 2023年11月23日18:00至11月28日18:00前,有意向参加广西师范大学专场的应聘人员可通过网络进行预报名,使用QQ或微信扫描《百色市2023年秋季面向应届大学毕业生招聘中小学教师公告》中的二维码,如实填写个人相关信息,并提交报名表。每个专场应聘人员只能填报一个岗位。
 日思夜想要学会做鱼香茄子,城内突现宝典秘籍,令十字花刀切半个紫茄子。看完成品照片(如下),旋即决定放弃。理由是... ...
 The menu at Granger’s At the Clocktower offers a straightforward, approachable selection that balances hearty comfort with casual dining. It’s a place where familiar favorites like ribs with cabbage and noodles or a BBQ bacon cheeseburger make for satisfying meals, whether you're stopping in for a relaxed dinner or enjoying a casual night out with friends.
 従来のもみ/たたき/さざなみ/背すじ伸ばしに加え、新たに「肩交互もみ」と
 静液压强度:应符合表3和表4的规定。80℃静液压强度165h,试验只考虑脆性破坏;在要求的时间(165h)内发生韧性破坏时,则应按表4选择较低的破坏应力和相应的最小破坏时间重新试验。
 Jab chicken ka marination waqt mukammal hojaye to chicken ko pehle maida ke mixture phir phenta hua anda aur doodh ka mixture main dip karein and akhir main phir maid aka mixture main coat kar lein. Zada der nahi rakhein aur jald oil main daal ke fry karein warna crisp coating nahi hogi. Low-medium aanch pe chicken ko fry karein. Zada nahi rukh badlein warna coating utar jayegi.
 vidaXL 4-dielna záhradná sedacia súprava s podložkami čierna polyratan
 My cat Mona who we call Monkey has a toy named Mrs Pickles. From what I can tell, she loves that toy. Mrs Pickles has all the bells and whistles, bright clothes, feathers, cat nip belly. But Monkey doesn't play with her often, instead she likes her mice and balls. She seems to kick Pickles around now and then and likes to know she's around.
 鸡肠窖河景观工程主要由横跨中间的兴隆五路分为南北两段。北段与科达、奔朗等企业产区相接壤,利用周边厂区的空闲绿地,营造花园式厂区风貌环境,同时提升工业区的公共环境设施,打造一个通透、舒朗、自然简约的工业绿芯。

_____

WHAT TO DO
From the first line to the last, retype the material exactly.

ANSWER TO THIS PROBLEM
 2023年11月23日18:00至11月28日18:00前,有意向参加广西师范大学专场的应聘人员可通过网络进行预报名,使用QQ或微信扫描《百色市2023年秋季面向应届大学毕业生招聘中小学教师公告》中的二维码,如实填写个人相关信息,并提交报名表。每个专场应聘人员只能填报一个岗位。
 日思夜想要学会做鱼香茄子,城内突现宝典秘籍,令十字花刀切半个紫茄子。看完成品照片(如下),旋即决定放弃。理由是... ...
 The menu at Granger’s At the Clocktower offers a straightforward, approachable selection that balances hearty comfort with casual dining. It’s a place where familiar favorites like ribs with cabbage and noodles or a BBQ bacon cheeseburger make for satisfying meals, whether you're stopping in for a relaxed dinner or enjoying a casual night out with friends.
 従来のもみ/たたき/さざなみ/背すじ伸ばしに加え、新たに「肩交互もみ」と
 静液压强度:应符合表3和表4的规定。80℃静液压强度165h,试验只考虑脆性破坏;在要求的时间(165h)内发生韧性破坏时,则应按表4选择较低的破坏应力和相应的最小破坏时间重新试验。
 Jab chicken ka marination waqt mukammal hojaye to chicken ko pehle maida ke mixture phir phenta hua anda aur doodh ka mixture main dip karein and akhir main phir maid aka mixture main coat kar lein. Zada der nahi rakhein aur jald oil main daal ke fry karein warna crisp coating nahi hogi. Low-medium aanch pe chicken ko fry karein. Zada nahi rukh badlein warna coating utar jayegi.
 vidaXL 4-dielna záhradná sedacia súprava s podložkami čierna polyratan
 My cat Mona who we call Monkey has a toy named Mrs Pickles. From what I can tell, she loves that toy. Mrs Pickles has all the bells and whistles, bright clothes, feathers, cat nip belly. But Monkey doesn't play with her often, instead she likes her mice and balls. She seems to kick Pickles around now and then and likes to know she's around.
 鸡肠窖河景观工程主要由横跨中间的兴隆五路分为南北两段。北段与科达、奔朗等企业产区相接壤,利用周边厂区的空闲绿地,营造花园式厂区风貌环境,同时提升工业区的公共环境设施,打造一个通透、舒朗、自然简约的工业绿芯。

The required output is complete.